A factory explosion in Germany seems an unlikely catalyst for a global automotive crisis, but the March 31 blast that damaged a chemical plant belonging to Evonik Industries AG could lead to global shortages of a critical chemical within weeks -- and that, in turn, could bring auto assembly lines around the world to a screeching halt.

A sudden shortage of an obscure but important chemical
TI Automotive, a privately held Michigan manufacturer of automotive components, said in a letter to clients last week that the Evonik explosion had led to a "severe" shortage of a critical substance used to make parts for automotive brakes and fuel systems, according to Bloomberg.

The damaged factory was a key producer of a chemical called cyclododecatriene, necessary to make the substance, called PA-12, a kind of nylon that TI and other suppliers use to make parts that are exposed to certain harsh chemicals -- like gasoline and brake fluid.

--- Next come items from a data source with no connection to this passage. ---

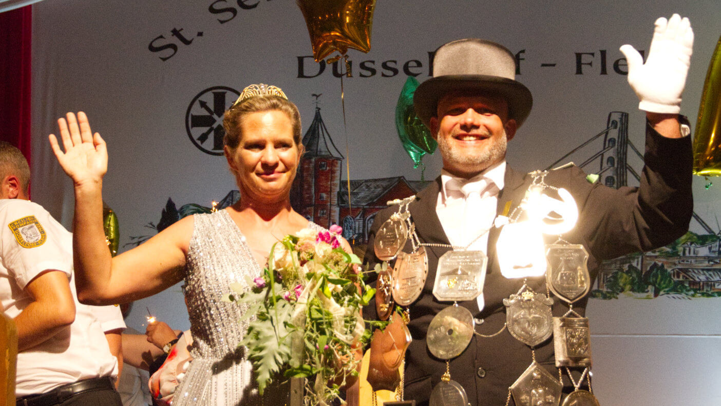 Die Proklamation des neuen Schützenkönigs erfolgt traditionsgemäß am Dienstagabend beim Krönungsball im Festzelt – Alexander Hofer aus der Cäcilien-Kompanie Düsseldorf-Flehe übernimmt mit der feierlichen Ausrufung des Antritts seiner Herrschaft als Schützenkönig von Flehe dieses Amt von Thomas III. Schier von der 1. Hubertus-Jäger-Kompanie.
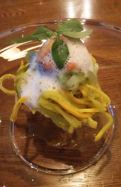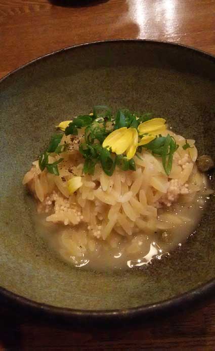 粒粒のパスタが口の中でプルンと存在感を出し、楽しい食感だった。
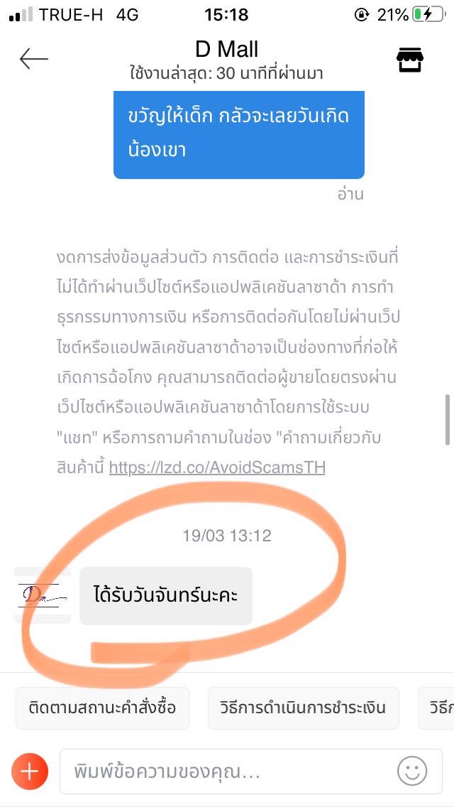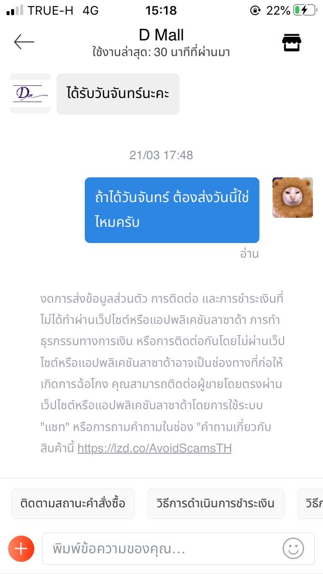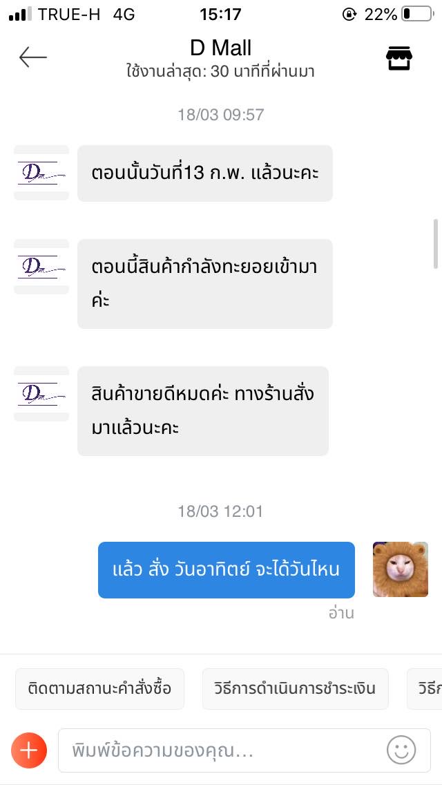 เราก็โอเค รอ~ ไปอีก จนวันเสาร์ ทักไปตอน5โมงเย็นว่า ถ้าถึงวันจันทร์ ต้องส่งวันนี้ใช่มั้ย ร้านค้าก็มาอ่าน แต่ไม่ตอบเหมือนเดิม
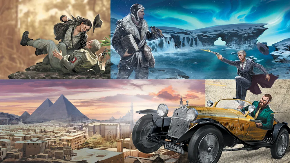 Dans cet ouvrage, vous trouverez tout ce dont vous avez besoin pour évoluer à l’époque des photographies sépia de l’entre-deux-guerres, communément appelée l’Âge d’or. Si vous voulez partir pour des voyages similaires à ceux de vos héros d’enfance, faire claquer votre fouet comme l’aventurier au chapeau, montrer à cette momie que vous n’êtes pas là pour vous faire piétiner ou traquer cette tablette pour comprendre ses mystères, vous êtes à la bonne période. L’Âge d’or a beaucoup à offrir à ceux qui ont les tripes de l’explorer. Si partir chasser des Trésors et combattre des Rivaux et leurs Sbires ne vous suffit pas, vous trouverez dans ce livre des manières d’ajouter à vos aventures des adversaires aux pouvoirs légendaires. Oh, et oubliez les événements étranges et mystères insignifiants dont vous avez entendu parler en 1999. À l’époque de l’Âge d’or, le surnaturel est présent en force et il faut le prendre au sérieux. Je parle de rites magiques, de monstres maléfiques, d‘immortels contrôlant les quatre éléments, de dieux anciens et de toute une série d’autres créatures se relevant de leur tombe après quelques millénaires juste pour gâcher votre journée. Ah, vous avez déjà peur ?
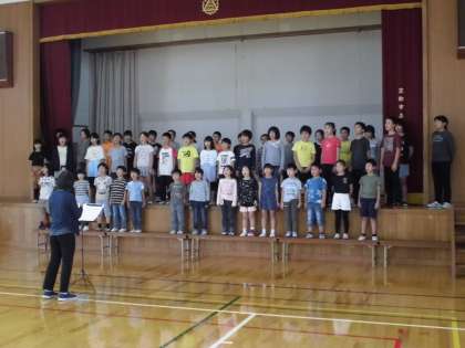 お昼の大杉っ子タイムの時間に,今週の金曜日に行われる音楽祭の練習をしました。歌はもちろんですが,入場から並び方,退場の仕方を練習しました。
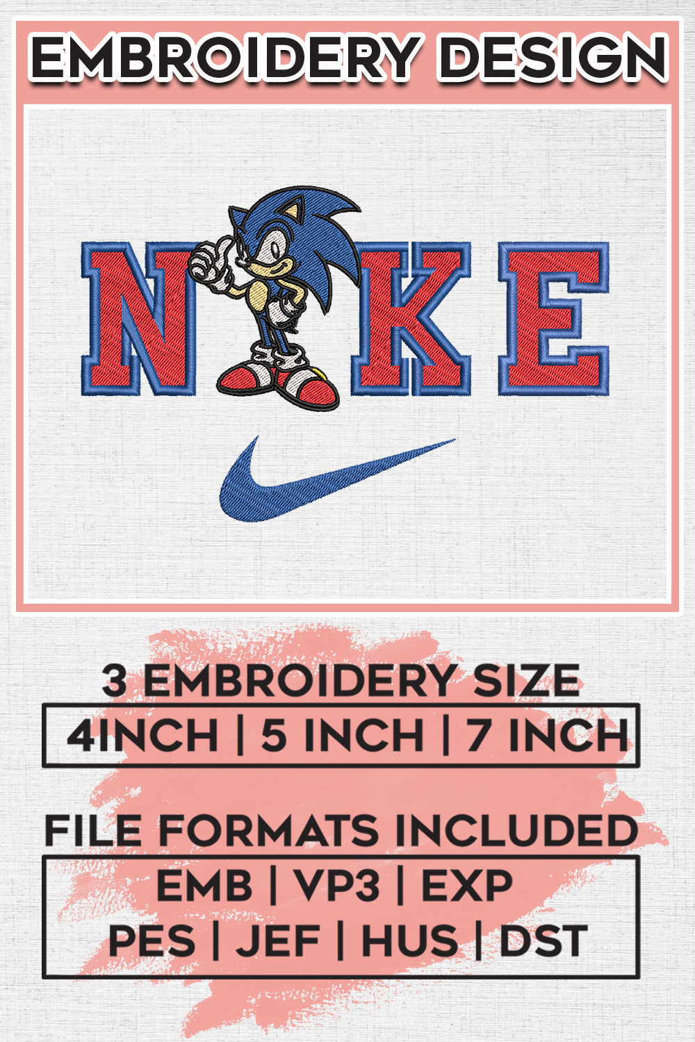 Nikee Sonic Character Embroidery Designs, Sonic The Hedgehog Machine Embroidery Files, Cartoon Character embroidery designs, Sonic Character, Digital Download

TI warned its clients that the likelihood of parts shortages that would disrupt production at their plants was "high" -- and that's a huge deal, because TI supplies just about everybody. Ford, General Motors (NYSE: GM), Toyota (NYSE: TM), Volkswagen (OTC: VLKAY.PK) and nearly every other automaker you've ever heard of is on the company's client list, and any or all could be affected by this shortage.

The automakers haven't had any substantive comment so far other than to say that they're investigating the problem, but from all appearances it's a big problem. Ube Industries, a Japan-based producer of PA-12 that supplies about 10% of the global market, said on Monday that it had received requests for added production. But Ube's factories are already running at full capacity -- and shortages are probably inevitable, a spokesperson told Bloomberg.

Those shortages could slow or stop production lines in auto factories around the world. Needless to say, that could be a huge, expensive problem for Ford and other automakers.

How big a problem will this be?
It seems incredible that one small industrial disaster could affect so many massive global corporations, but in today's tightly connected world of automotive suppliers, it's a real problem -- and issues like this are becoming more common. We saw something like this last year, albeit on a different scale, when factories producing complex electronic components for Toyota and Honda (NYSE: HMC) were destroyed by the Japanese tsunami. Both automakers saw production of several key models slowed for months.

This could -- could -- be far more wide-reaching, if other suppliers can't manage to make up the lost production in time. But it's still too early to know the likely impact. TI and other makers of affected components are holding a "summit" with representatives of the major automakers and major suppliers on Tuesday. It's likely that more information will be available after that.

Of course, this couldn't come at a worse time for the global automakers. While the white-hot Chinese auto market has cooled, and Europe continues to struggle with economic challenges, auto sales in the U.S. have been picking up steam in a big way in recent months.

That increasing strength here in the U.S. has been a big shot in the arm for key players like Ford, which restructured its operations to be profitable even at historically low levels of auto sales -- and which stands to see significant growth in profits as sales continue to rise and its newly strong economies of scale come into play.

Shortages could disrupt sales momentum significantly for any affected automaker -- but who will be affected, and how badly? We'll have to wait and see. But keep a close eye on this one, because it will force automakers to adapt quickly and effectively.